I have a collection of values and associated probabilities for each value (all positive, but far from being equal). I would like to sample from this distribution many times. One technically correct way to do this is linear search, which would be like this:
def sample(xs,ps,p):
for i in xrange(len(ps)):
if ps[i] <= p: return xs[i]
in Python notation. Then for sampling you would take p=random.random(). This linear search approach is very slow if xs and ps are very large. Accordingly, I want to do something along the lines of binary search. My first idea was to build a binary tree, and sample by traversing the tree using a random bit sequence (go left if a bit is zero, right if it is one). I would build the tree by splitting the list of cumulative sums of probabilities in a way which resembles quicksort: the left part of the tree is the values <= 1/2, the right part of the tree is the values >1/2, and then I recurse, so that the LL part of the tree is the values <= 1/4, the LR part is the values >1/4 but <=1/2, etc.

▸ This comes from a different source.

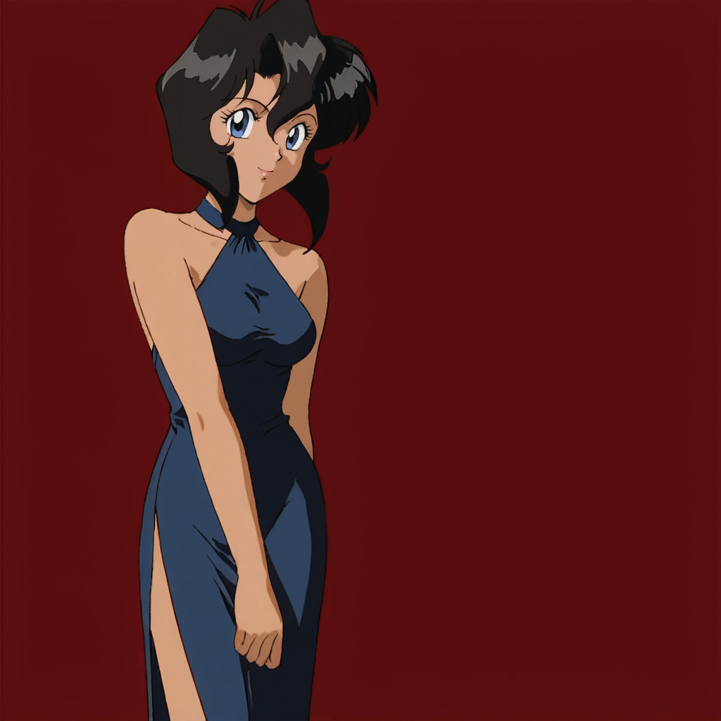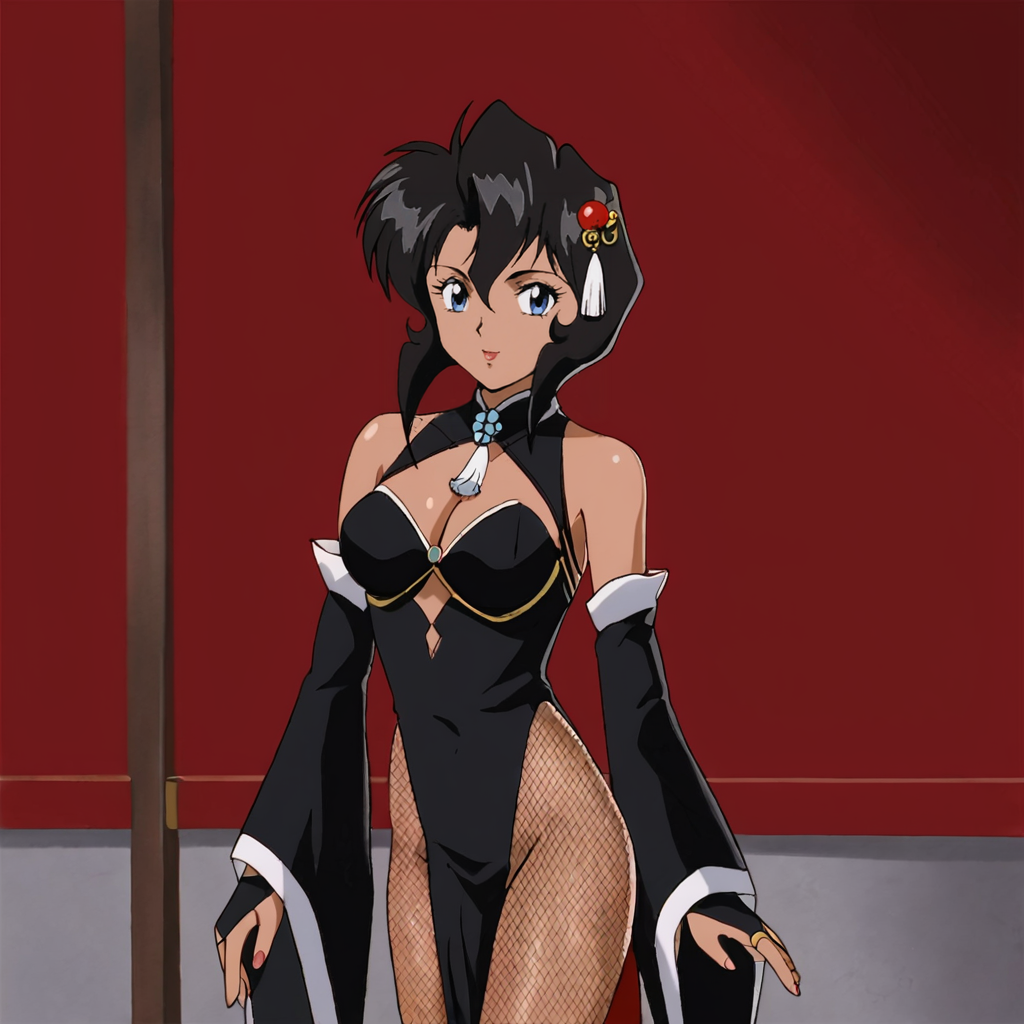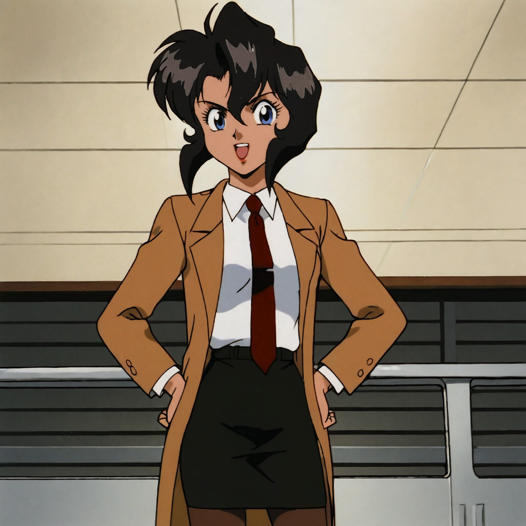 触发词:Rally, jacket, 1girl, red necktie, pantyhose, blue eyes, coat, dark skin, pencil skirt, black hair, retro artstyle, dark-skinned female, 1990s (style), short hair, shirt, cowboy shot, hands on hips

I actually did implement this on a toy example, where the cumulative sum of the probabilities was [0.26,0.91,0.99,1]. (So 26% of the time you get the first value, 65% of the time you get the second, 8% the third, 1% the last).
I wind up with two problems. One problem I already fixed: there are certain nodes that only have one child based on the sorting mechanism above, such as the first movement to the right in my example. This was easy enough to fix: I just don't change the tree and appropriately update the splitting mechanism, applying it to what I already have.
But by doing it that way, all values that are located at a given level of the tree become equally likely. So the first value corresponds to L (1/2), the second value corresponds to RL (1/4), the third value corresponds to RRL (1/8), and the last value corresponds to RRR (1/8). These are very different from the probabilities that I wanted!
So my question is: how can I build an efficient data structure and traversal algorithm for a sampling procedure like the one above?